3. High Traffic Can Mean a High Bounce Rate

This leads to a secondary problem: bounce rate. That’s the percentage of your visitors who leave after visiting just one page on your site. To Google, this looks like your site isn’t providing a high-quality experience. That’s more than enough reason for the search engine to drop your ranking.

You want people to come to your site, spend a lot of time, and click around because the experience you provide is exactly what they wanted. This is far more important than massive traffic numbers.

4. More Traffic Won’t Automatically Earn More You Backlinks

Earning backlinks should be one of the main pillars of your SEO strategy. Receiving backlinks from relevant, high-quality sites definitely improves ranking. It’s also a fantastic way to increase your profile as an authority in your industry.

Climbing the ladder in Google rankings may earn you some backlinks from exposure, but not if your actual content is lacking. Unfortunately, that’s usually what happens when people prioritize keywords for the sake of rank over high-quality content their audience will actually enjoy.

The cruel irony, of course, is that, in the end, the quality content with more backlinks eventually beats out those pages that were built purely for the sake of “driving traffic.”

5. Obsessing Over Traffic Can Blind You to Other SEO Priorities

Sure, there was once a time when Google seemed to care about nothing but the words on your site. Those days are long gone, though.

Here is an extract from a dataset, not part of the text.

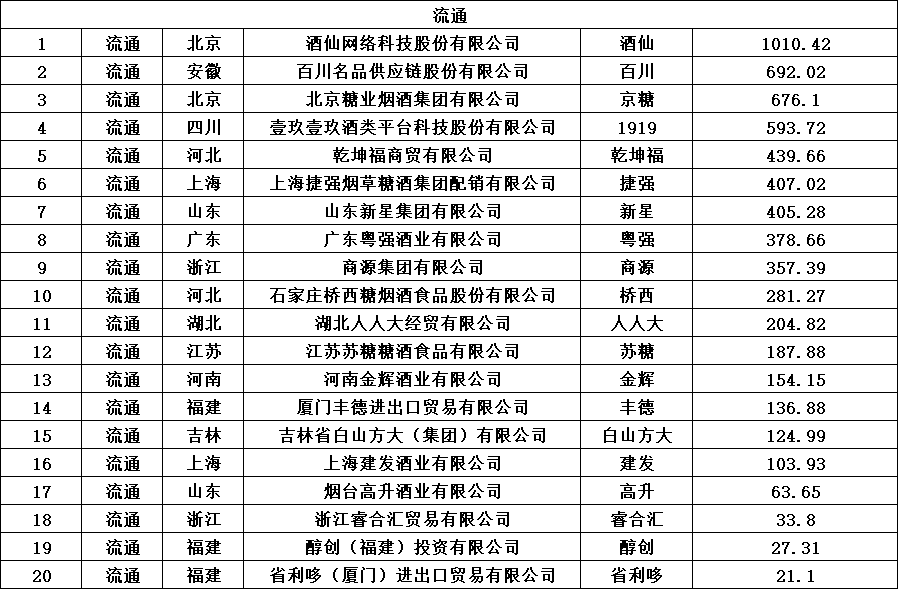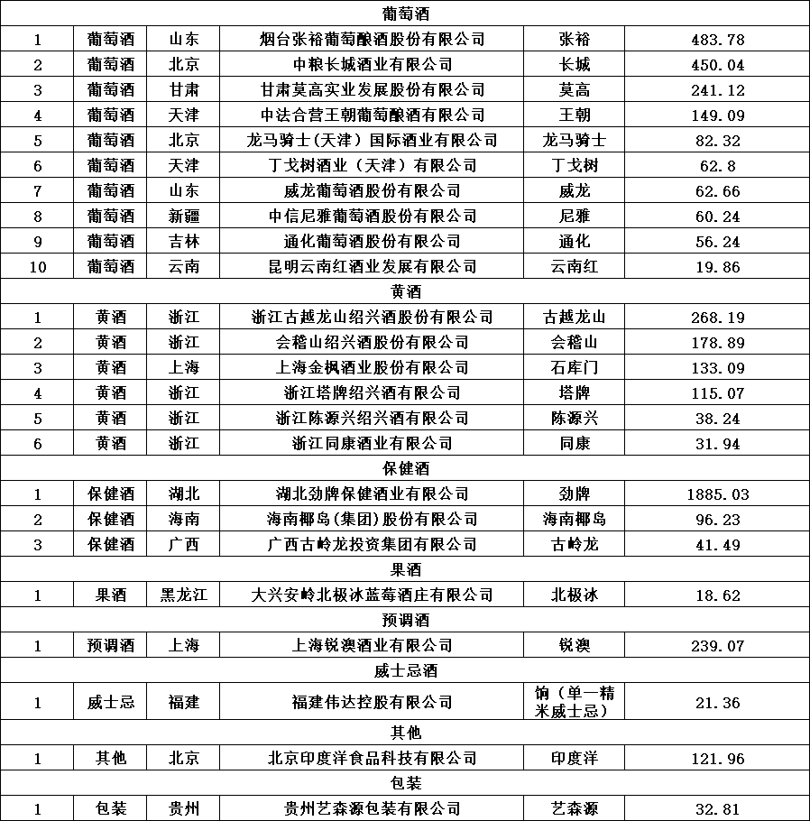 榜单分为白酒、啤酒、葡萄酒、黄酒、保健酒、果酒、预调酒、威士忌、酒类流通商、包装商及其他。

If you want Google to love your site in 2017, your SEO strategy needs to involve a lot more than trying to bring in huge traffic numbers with keywords.

Your site needs to be mobile-friendly, for example, or Google will hurt its rankings.

The same thing goes for fast loading times.

The list goes on and on, but the point is that an obsession with increasing the number of visitors you receive can pull your focus from other extremely important SEO priorities that can have a far greater effect on how much exposure your site receives.

Increased Traffic Doesn’t Necessarily Mean Increased Profits

By now, it should be clear that SEO needs to be about more than just attracting massive crowds to your site. Instead, you should be focusing on practices that target those who have the highest likelihood of becoming customers, even if that means your traffic doesn’t look impressive on paper.